Recorded data >>
§

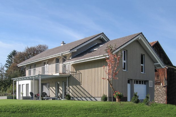 Das ländliche und doch moderne Einfamilienhaus liegt erhöht auf einer Geländeterrasse. Das Gebäude wurde als zweiteiliges Ensemble auf diese Terrasse gesetzt. Zum Einen das durch die horizontale Stülpschalung edlere, massivere Wohnhaus und zum Anderen mit „Scheunencharakter“, die im Dach tiefer gesetzte Garage.
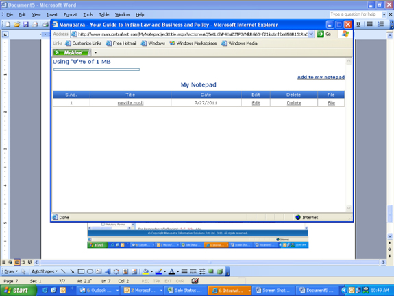 pertaining to that document, he can do so by clicking on “My Notepad”, shown as above. |
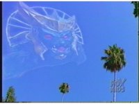 Image of US Goldar's head floats in the sky above the palm trees. |
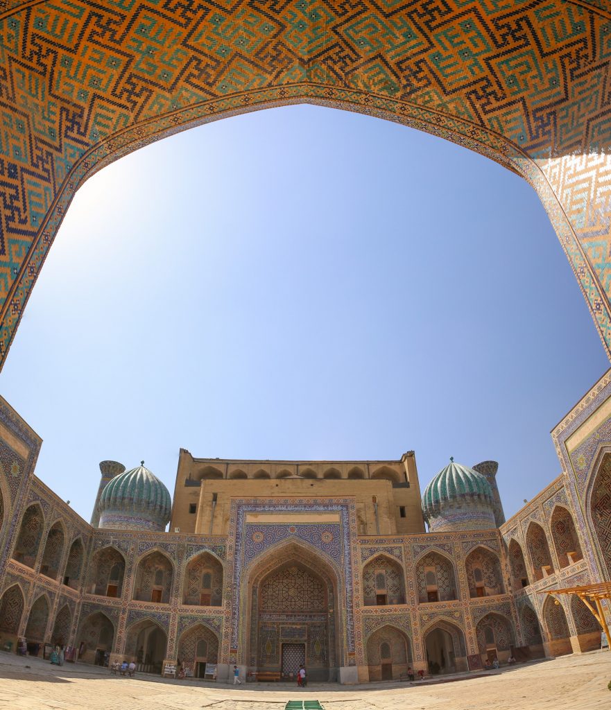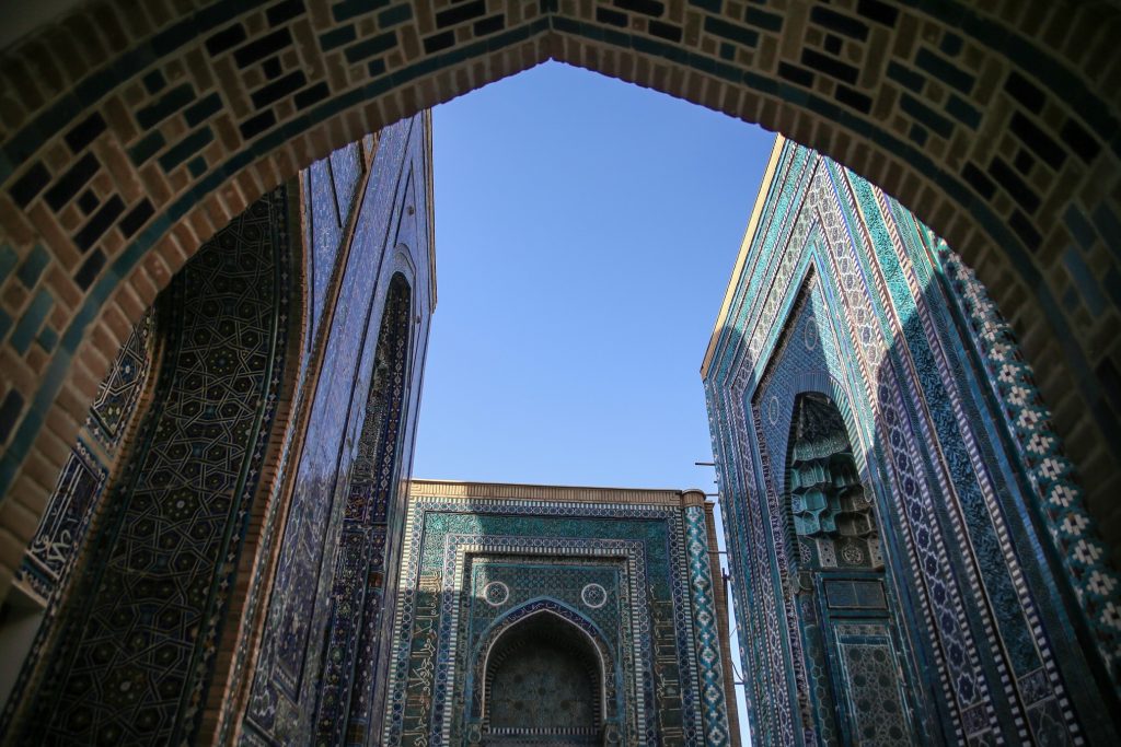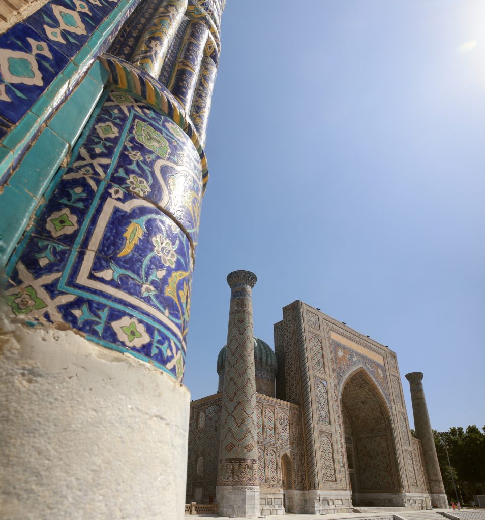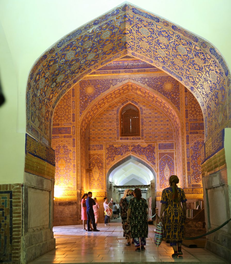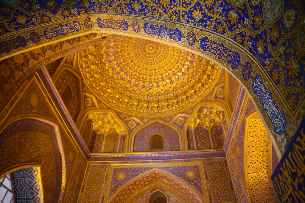 Ici les chambres sont plus chères, on dort pour 30$ la nuit, mais le petit déjeuner est dantesque. Rassasiés on part à l’assaut du Registan, cette place connue dans le monde entier comme étant le cœur de Samarcande, ces trois madrasas toutes en mosaïques bleues qui se font face depuis des siècles. Je marche dans un rêve tellement impressionné d’être enfin ici. Chaque bâtiment est plus beau que le précédent. Partout des petites pièces sombres, des plafonds peints à la main tellement détaillés qu’ils donnent le tournis. L’entrée de la madrasa centrale est décorée en feuilles d’or, les alcôves sont blanches.

§

Work order >> Print out the material verbatim, skipping pictures.

The answer >>
 Das ländliche und doch moderne Einfamilienhaus liegt erhöht auf einer Geländeterrasse. Das Gebäude wurde als zweiteiliges Ensemble auf diese Terrasse gesetzt. Zum Einen das durch die horizontale Stülpschalung edlere, massivere Wohnhaus und zum Anderen mit „Scheunencharakter“, die im Dach tiefer gesetzte Garage.
 pertaining to that document, he can do so by clicking on “My Notepad”, shown as above. |
 Image of US Goldar's head floats in the sky above the palm trees. |
 Ici les chambres sont plus chères, on dort pour 30$ la nuit, mais le petit déjeuner est dantesque. Rassasiés on part à l’assaut du Registan, cette place connue dans le monde entier comme étant le cœur de Samarcande, ces trois madrasas toutes en mosaïques bleues qui se font face depuis des siècles. Je marche dans un rêve tellement impressionné d’être enfin ici. Chaque bâtiment est plus beau que le précédent. Partout des petites pièces sombres, des plafonds peints à la main tellement détaillés qu’ils donnent le tournis. L’entrée de la madrasa centrale est décorée en feuilles d’or, les alcôves sont blanches.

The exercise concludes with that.